Put a dowel through the center of it.


----------



## BobLang

Try mineral spirits to remove the wax. The angle is a bit steep, but I'm thinking the wax is most of your problem. The drop of shellac isn't a bad idea, I would use a drop of good old yellow glue. It will break loose if you tap on the bottom of the wedge to remove them.

One other thought, did you drive them firmly into place? You should be able to hear it when they are firmly in place. Don't drive beyond that point or you can break out the end of the other piece, but you do need to get them seated.

Bob Lang


----------



## rusty2010

I agree with you on not wanting to add a pin. I done the same thing you did and ended up making new ones at 5 degrees. On that project there where 4 wedges each on 2 tables. Not fancy like yours tho.


----------



## Sylvain

It looks very nice.

Is the mortise long enough?

See :
http://villagecarpenter.blogspot.com/2008/06/tusk-tenon.html
to know what I mean.

The wedge must only bear on the external wall of the mortise on one side and only on the leg on the other side.

Otherwise there no pressure to ensure friction. And without friction it will come loose.


----------



## Adam_D

Sylvain: I overcut the mortises by about 3/32" (2.5mm) on the side nearest the leg to ensure that the wedge would fit tight against the leg.

I cleaned the wax off yesterday, and they're still looking good this morning, so hopefully that was most of the problem as BobLang suggested. Time'll tell.


----------



## kikkicurio

Hey Adam, an unrelated question in regards to this post. I am a design student with very limited woodworking experience and wondered if you could help me. I intend to utilise this joint for one of my own projects and I wondered what proportions you have used? Most guides and examples of this joint, show it being used with rectangular pieces of wood. Like you have done in this project, I would like to use it with squared pieces of wood. 60mm squared with a central tenon which is 20mm squared. How far should the tenon extend and what are appropriate proportions for the wedged keys? Is 20mm squared too thin and small for the tenon and will it cause me problems?

-Kiara


----------



## Adam_D

Kiara, if you've read the above posts, you'll quickly realize that I'm not the guy to ask haha. Apparently even following the textbook instructions is sometimes wrong. That being said, my *opinion* is 60mm squared with a 20mm tenon should work fine. I'd guess the tenon would extend maybe 20mm past the face of the joined board.
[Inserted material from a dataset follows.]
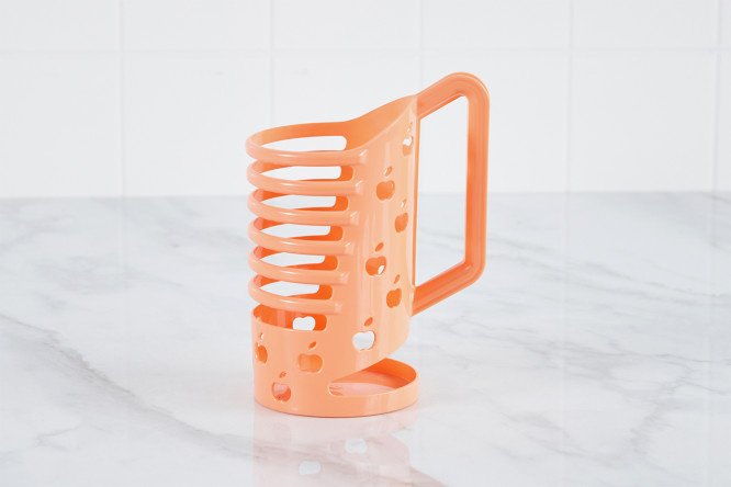 A plastic bottle holder (with a maximum bottom size of 9 cm) is a useful tool for the kitchen. Plastic and glass bottles with milk, juice and other liquids are placed in it for more convenient use and storage. The product is especially useful for containers with vegetable oil; they are often slippery, because a few drops always flow from the neck, sliding down the walls. To avoid leaving greasy stains on the countertop or cabinet shelf and to avoid dropping a bottle of oil on the floor, it is best to place it in a holder.

My book says you should use a 10° angle on the wedge, but the guys in this post insist that 5° is the magic number. I'd say that the bottom of the tenon should be no less than 8mm when it leaves the tenon since there's potentially a lot of force on there.










BUT, I'm no expert by any means-I've only been woodworking for about a year and a half.


----------



## kikkicurio

Thank you so much, your advice has been invaluable.  One and a half years experience, is one and a half years more experience then me.

Your diagram was extremely helpful. Now just to be tricky, after doing some tech drawings, I decided 60 by 60mm was too chunky and I now want to go with 50 by 50mm. The resource I am using says that you should never cut a mortise that is more then one-third the width of the stock you are working with, however, I want to maintain the 20 by 20mm dimension of the tenon. Am I pushing my luck?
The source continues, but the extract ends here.